Answering Some Questions Around Blockchain

By Bob Hackney

During meetings with credit unions leaders I frequently hear questions about blockchain, what credit unions need to know, and what they should be doing at this point in the development and application of the technology.

While it is easy to get caught up in the blockchain buzz, it is also important to understand the applications that may be available with this technology.  After all, blockchain is a means to an end.  In most cases, blockchain concepts require scale and acceptance for their business models to work.  There are many innovators doing the heavy lifting in the financial industry trying to solve problems that credit unions face. 

In a recent article by CUNA, it was stated that if someone is going to capitalize on blockchain’s financial services potential (the big banks), then credit unions cannot afford to be excluded from the conversation. CUNA also says credit unions who ignore the blockchain do so at their own peril, and they suggest that you follow where the “smart money” is going.  With credit unions working together, blockchain may support solutions to credit union problems in the not so distant future.

To that end, several CUs, CUSOs, state leagues, and CUNA recently announced the CU Ledger Initiative, a project that will include participation by 125 credit unions. The goal of the initiative is to research blockchain technologies that have the potential to benefit credit unions by improving the speed, efficiency and security of financial transactions.

Great Tool Without A Problem?

However, there are experts in the financial industry who still believe blockchain feels like a great tool without a problem to solve. Despite the assessment, we continue to see an evolution in the blockchain network to make it more adaptable to real world problems, not only in financial services, but across governments and other industry segments as well. 

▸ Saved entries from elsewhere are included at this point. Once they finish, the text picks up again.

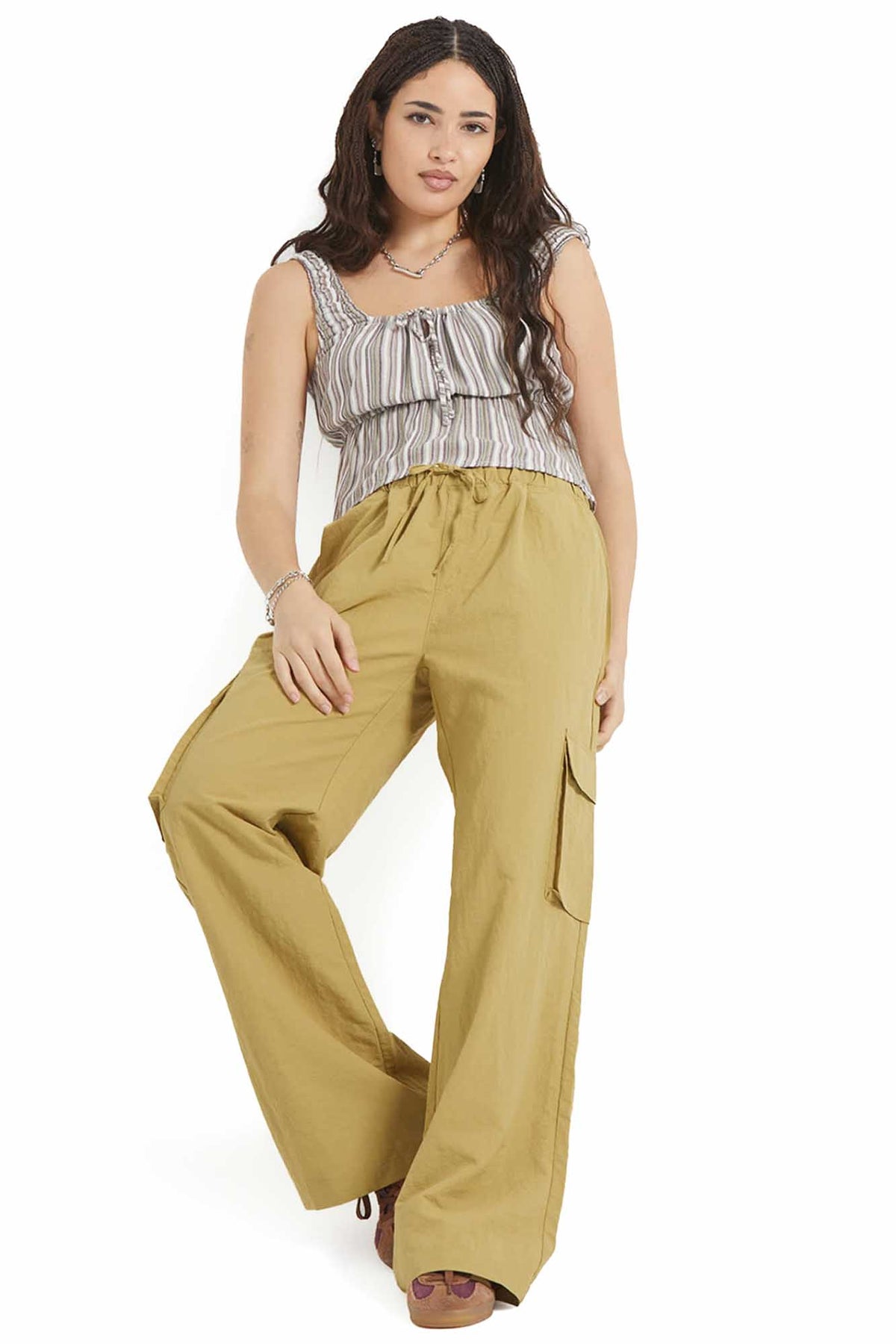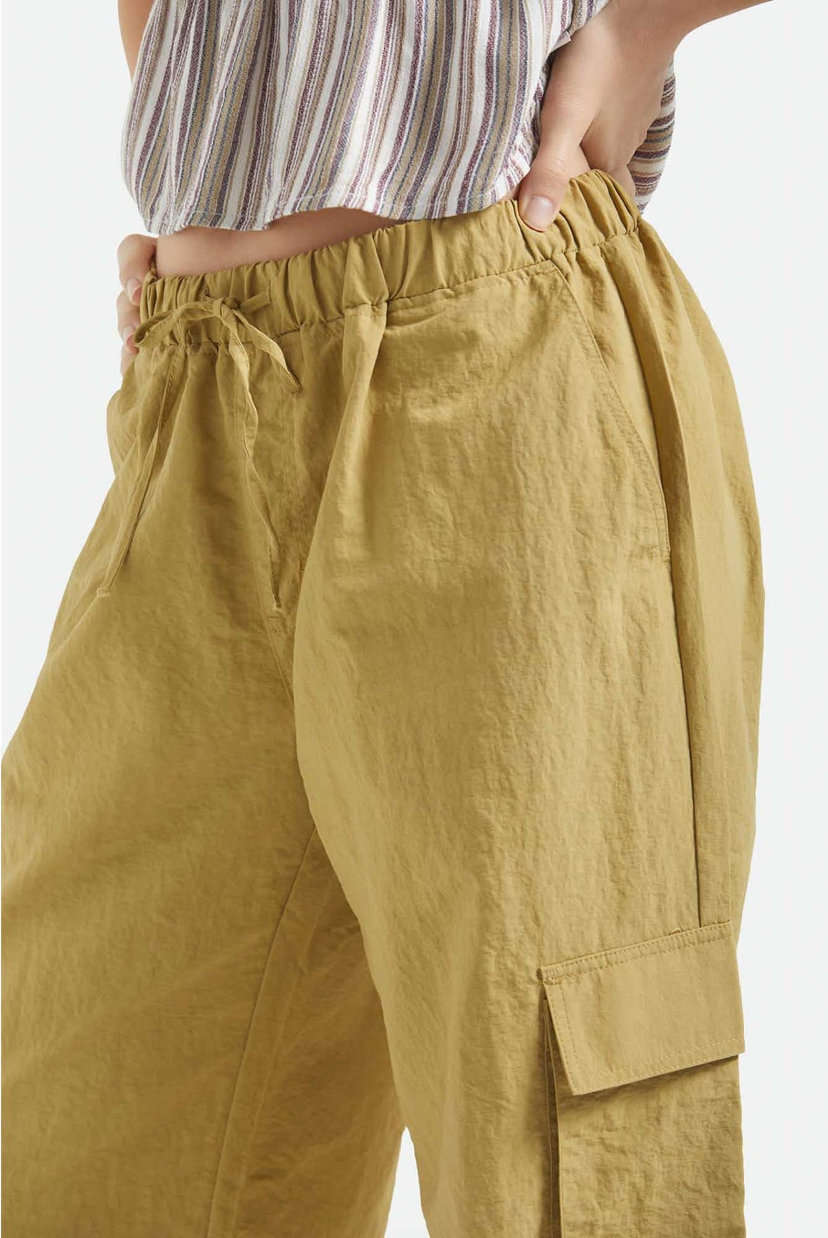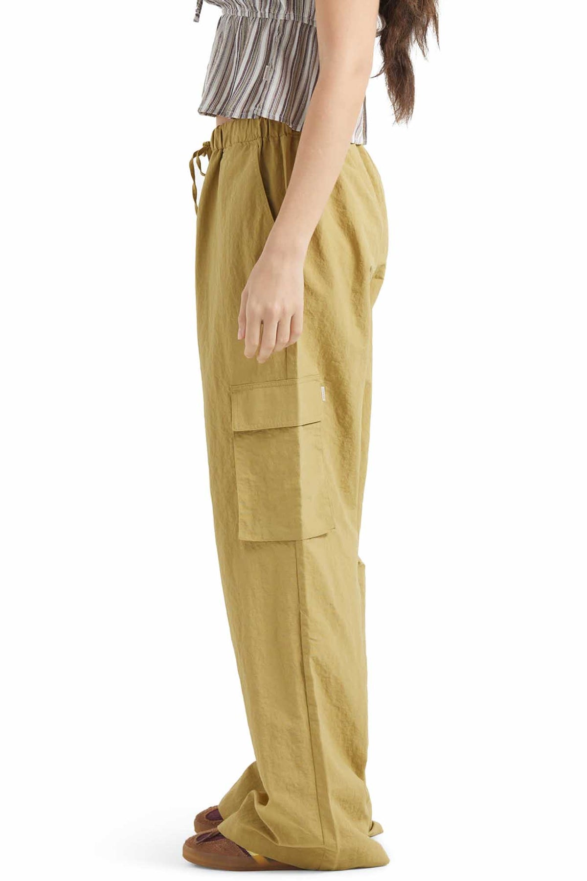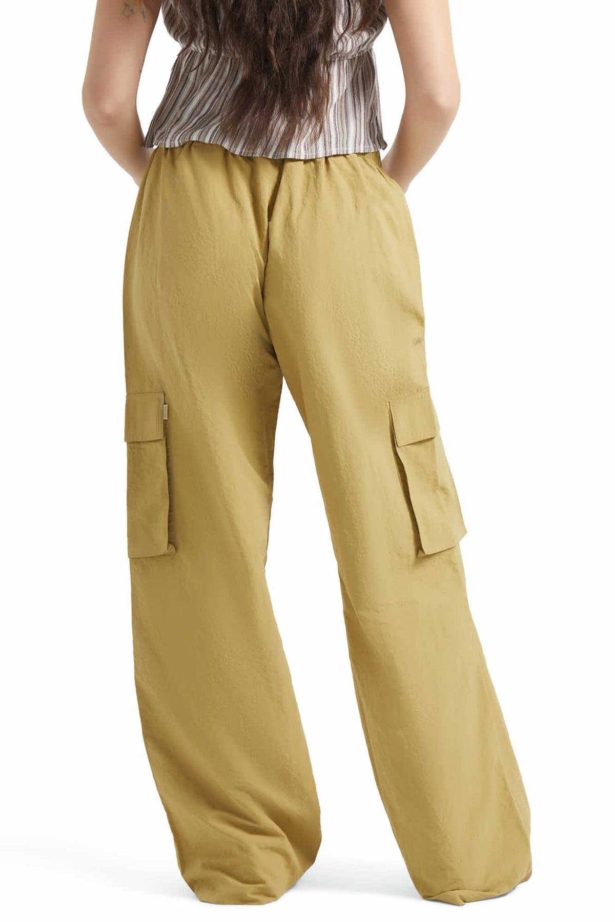 Adventure-ready style in every detail. The Jett Cargo Pant is crafted with lightweight 100% nylon that's built to move with you wherever you're headed. Surplus and cargo patch pockets give you space for your stuff, while the baggy fit and 23" leg opening create that effortless silhouette that looks good with everything. Elastic waistband with drawcord ensures the perfect fit, whether you're dancing at festivals, exploring new neighborhoods, or just living your best life.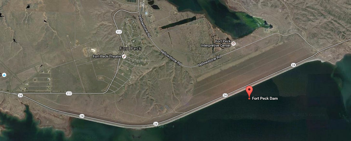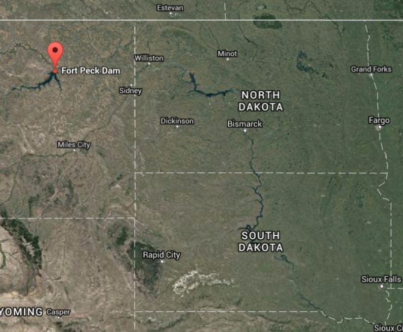 The other Missouri River dam on the list is the Oahe, hidden here under the label “South Dakota.” Just upstream from the label “North Dakota” is a third big dam on the Missouri. It’s the Garrison Dam, built in the 1950s.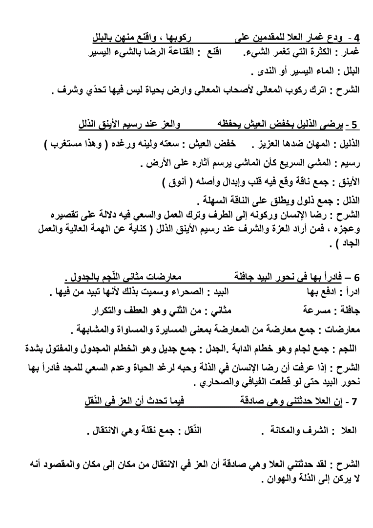شرح قصيدة من لامية العجم لمادة اللغة العربية للصف العاشر الفصل الأول منتديات صقر الجنوب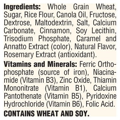 Sweetened whole wheat and rice cereal with cinnamon. No artificial flavors. 50% whole grain, 15 g or more per serving. 50% or more of the grain is whole grain. wholegrainscouncil.org. No synthetic colors. Mom's best cereals. How the best days begin. Simple Goodness Promise: We promise to make cereals that balance great taste, quality ingredients, and affordability. Everything you want in a cereal and nothing you don't. Mom's Best Guarantee: If you're not happy with the quality of this product, contact us for a refund. All we need is a best if used by date and a package UPC. Mom's Best Cereals: P.O. Box 1025, Lakeville, MN 55044. Call us at 1-866-465-4633 8am - 4pm (Central Time) weekdays, MomsBestCereals.com. MomsBestCereals.com. Be social with us! Facebook: MomsBestFanPage. Instagram: momsbestcereal. This carton is made from 100% recycled paperboard. (Minimum 35% post-consumer content). Carton made from 100% recycled paperboard. Minimum 35% post-consumer content. Made using renewable wind energy. We purchase wind energy credits to offset 100% of the electricity used to make the cereal in this box. Please recycle again!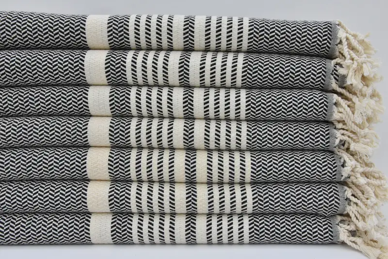 Natural Black Turkish Cotton Beach Towel Striped, 40x70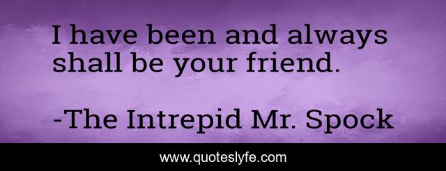 This page presents the quote "I have been and always shall be your friend.". Author of this quote is The Intrepid Mr. Spock. This quote is about sacrifice, military-science-fiction, friendship, science-fiction, star-trek,.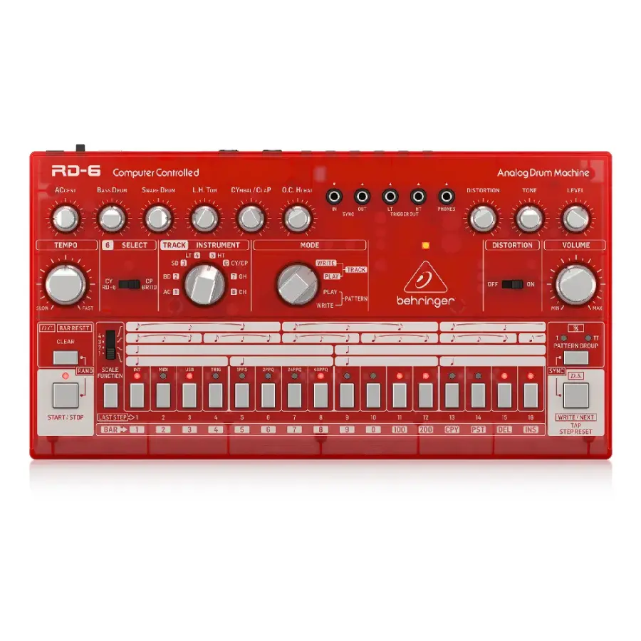 Loaded with eight analog drum voices derived from the classic 606 drum machine, the Behringer RD-6 analog drum machine combines iconic '80s drum machine sounds with modern USB and MIDI connectivity. Use the 16-step drum sequencer to create your grooves, with seamless real-time switching between up to 32 patterns. For longer sequences, you can chain patterns into full songs with up to 250 bars. And with trigger outputs to control your other modular and semi-modular synthesizers, the Behringer RD-6 is the perfect way to bring old-school analog drum sounds into your modern synthesizer rig.

The benefits of blockchain coalesce around a few central themes like its unique ability for all participants to share data while maintaining data validity. Blockchain’s open access provides the ability to transact and share data with any party regardless of where they are and how they typically transact. Then, there is the trust inherent within the blockchain network because all participants have a copy of all transactions on the network, making it nearly impossible for one party to hijack the network for individual gain.

Exactly what credit union problems blockchain applications solve remain to be seen. As with any new innovation the headlines will shout one day about how blockchain is revolutionizing the transactional world and the next day you will read how it is failing and will never work.  The truth, most likely, will fall somewhere in between. Stay tuned.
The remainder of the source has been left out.